Для меня Валерий тоже был прежде всего автором «Русской тетради». Целиком или частями, она исполнялась очень часто в концертах, где я нередко участвовал в качестве лектора. Я слушал ее много раз и, конечно, знал наизусть. И всякий раз был заново захвачен удивительной ее художественной подлинностью, нерасторжимостью слияния музыки и слова и многомерностью заключенного в них смысла. Это — из тех явлений искусства, которые — при всей своей новизне, неожиданности, непредсказуемости — кажется, не могли не быть созданными. Нет, не созданными: они словно бы всегда существовали, нужно было только снять покров, до поры до времени их прятавший.

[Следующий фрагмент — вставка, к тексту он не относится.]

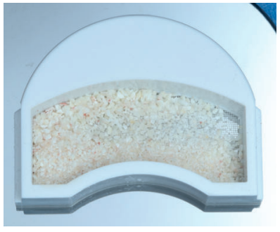 Los fragmentos coronal y radicular se limpiaron de restos de tejidos blandos, y secos, se introdujeron en la máquina Smart Dentin Grinder® (Kometa Bio, BIONER, España). Tras un ciclo de triturado de 3 segundos, y otro de tamizado de 20 segundos, el material obtenido (Figura 3) se limpió con la primera solución durante 12 minutos, y después durante 3 minutos con la segunda solución, para después transportar el material de injerto al alveolo, con presión controlada (Figura 4). Una vez compactado, se colocó una esponja de fibrina (Gelatamp® ) (Figura 5) y se suturó la herida con seda de 4/0, mediante dos puntos simples en la cara distal del segundo molar inferior izquierdo, un punto en cruz en la descarga y un punto en la papila (Figura 6). Se realizó una radiografía periapical intraoperatoria (Figura 7).

Вспоминаю презентацию гаврилинского сочинения, устроенную мною для актива постоянных слушателей Филармонии (я руковожу их семинаром уже, по-видимому, около сорока лет — нынче, после того как по инициативе актива было возрождено основанное в 1802 году Филармоническое общество Санкт-Петербурга, семинар существует под его эгидой). «Русскую тетрадь» исполняли ее первые интерпретаторы, талантливая молодая вокалистка Надежда Юренева и многоопытная, известная по совместным выступлениям с крупными камерными певцами, в частности, Анатолием Доливо-Соботницким, пианистка-ансамблистка Тамара Салтыкова. Они были не схожи как обликом, так и артистической манерой: одна — цветущая, яркая, страстная, с сочным голосом, другая — строгая, прямая, подобранная, с жидкими прямыми волосами по обе стороны сурового лица, извлекавшая прямыми же пальцами звучания отчетливые и аскетичные. Тем не менее, объединившись и воодушевившись, две художественные индивидуальности образовали ансамбль, непростой, конфликтный и оттого по-особому впечатляющий. Как раз конфликтная, поразительно драматическая суть «Русской тетради», то маскируемая невесть где дремавшей на протяжении тысячелетия языческой обрядовостью, то вырывающаяся наружу, была глубоко обнаружена в этой незабываемой интерпретации.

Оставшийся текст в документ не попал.